Pensate ad un caso di idee, che man mano, come per incanto, prende forma e dimensione, spazio e colore. E che la pittura rievochi il mito primordiale della nascita, quasi un principio per cui il soffio generatore della vita ordini la materia in forme sempre più evolute e organizzate.
 Così dall’inconscio dell’artista affiorano gesti pittorici innocenti, quasi primitivi, che solcano la tela con incontaminata forza e purezza. L’indistinto diviene via via più distinto, fino a trovare naturalmente una propria forma.
Quello che altri cercano con la facoltà della ragione, o con il logico percorso dell’esperienza, Picchiotti lo trova nell’oblio di sé e nel rifiuto di ogni condizionamento relativo. E in questo sta la sua grandezza.
Rinnegata da sempre la logica plastica della figura, con i possibili agganci al mondo reale, l’artista ha percorso con assoluta coerenza il sentiero dell’informale, abbandonandosi alla voce della propria coscienza.
 Nella pittura Picchiotti ha sempre cercato se stesso e le ragioni prime del proprio essere; nessuna ricerca di facili effetti o suggestioni, ma libertà creative assoluta.
La pittura di Picchiotti, è pittura dell’anima, sempre in bilico fra finito e infinito, alla ricerca della propria verità interiore. Così il suo spirito ribelle si rinnova, e ogni volta plasma la materia con occhi vergini, in una sorta di illuminazione primordiale.
Una strana mescolanza di nuovo ed antico, di futuro e di passato pervade l’arte di Danilo Picchiotti come se le sue opere esaurissero l’intero ciclo della vita umana.
Il bambino, che l’artista ha sempre cercato, diviene saggio, il nuovo che le anima diviene subito memoria e coscienza, così come l’infinita energia che le sottende si addensa in materia. E’ ancora: il disordine diviene ordine.
In sintesi, una identità artistica pienamente espressa.”
ALESSANRO BISTARELLI " MUSICISTA'"

 "Danilo Picchiotti vive così come dipinge fuori da ogni attività circoscritta, sempre alla ricerca di nuovi spazi per esprimere la mai definita e realizzata coscenza, di nuovi vuoti in cui immergersi alla ricerca di possibilità originali di autentica libertà artistica. Il suo modo di lavorare è passionale e fulmineo: sui suoi quadri ci sono gli effetti di passaggi veloci, avvenuti d'istinto e senza riflessione. E' una libertà creativa istantanea, un'azione artistica che nasce prima, ed è più veloce, di ogni scelta.
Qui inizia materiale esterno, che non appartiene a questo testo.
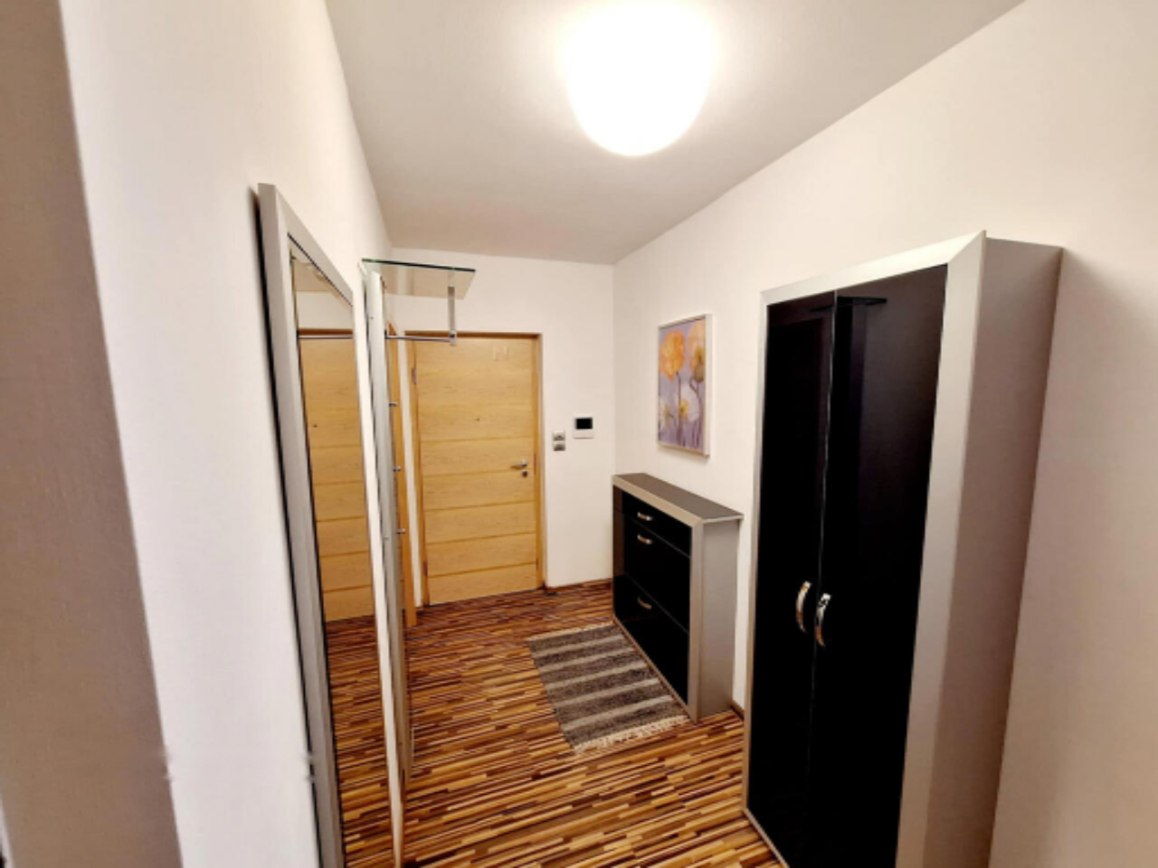 Квартира была полностью отремонтирована в 2011 году: заменены электрические и водопроводные коммуникации, установлены новые окна и двери, современная мебель и оборудование. Общая площадь составляет 76 м², из которых 66,8 м² - жилая, с балконом 2,7 м² и кладовой 6,5 м².

La sua decisione di dipingere astratto esprime il desiderio di non avere limiti, di non sottostare a regole estrene e di trascendere le dimensioni per essere "sempre altrove e dappertutto nello stesso tempo, dentro il cuore delle cose e degli esseri".
Per questa esigenza di libertà Danilo Picchiotti non si identifica in nessun gruppo o scuola di pittura, conosce e studia l'arte astratta, ma vive la sua esperienza da solo".
Alberto Bistarelli
 
“Nell'attività artistica di Picchiotti l'informale, nelle sue molteplici declinazioni poetiche, è uno dei movimenti dominanti nello scenario artistico occidentale. Tra i motivi fondamentali di questo ampio atteggiamento culturale vi è il rifiuto di ogni collegamento con il retaggio della tradizione, della storia stessa. Il critico "militante" Michel Tapié, nel 1952, affermava che l'obiettivo del clima informale era di fare un'"art autre", svincolata cioè da ogni legame con il passato.
 
Nella pittura di 'Picchiotti vi è un'ansia di ricostruzione, fondata sulla necessità di nuovi valori, in grado di sopperire all'ormai vacua idealità di fine Ottocento, naufragata nei conflitti mondiali in un clima di generale rigetto e secessione.
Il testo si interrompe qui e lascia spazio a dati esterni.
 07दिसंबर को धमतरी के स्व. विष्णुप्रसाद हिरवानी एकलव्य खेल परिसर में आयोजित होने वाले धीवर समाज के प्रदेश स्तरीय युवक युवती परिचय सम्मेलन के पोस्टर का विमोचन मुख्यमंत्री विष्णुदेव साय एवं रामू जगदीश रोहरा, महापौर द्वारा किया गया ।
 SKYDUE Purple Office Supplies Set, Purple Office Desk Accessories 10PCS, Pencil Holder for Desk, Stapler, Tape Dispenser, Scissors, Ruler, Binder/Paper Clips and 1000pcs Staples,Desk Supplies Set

Una sottile, spesso contaminata, linea di demarcazione è stata rintracciata tra informale materico ed informale segnico: alcuni artisti resteranno prevalentemente materici, come   Jean Fautrier, Antoni Tápies, Jean Dubuffet, Alberto, Burri.”
Jean Daniel Mura
L’informale di materia è la tendenza che maggiormente si manifesta in Europa.
Deriva da un’antica dicotomia da Platone in poi: la polarità materia-forma. Il primo termine indica il magma informe delle energie primordiali, il secondo definisce l’organizzazione della materia in organismi superiori.
 Questo contrasto materia-forma diventò un termine problematico nella scultura di Michelangelo e da lì ha influenzato, attraverso la riscoperta di Rodin, la scultura moderna.
 Con l’Informale anche i pittori si appropriano di questa problematica, proponendo immagini in cui i valori estetici e espressivi sono quelli dei materiali utilizzati.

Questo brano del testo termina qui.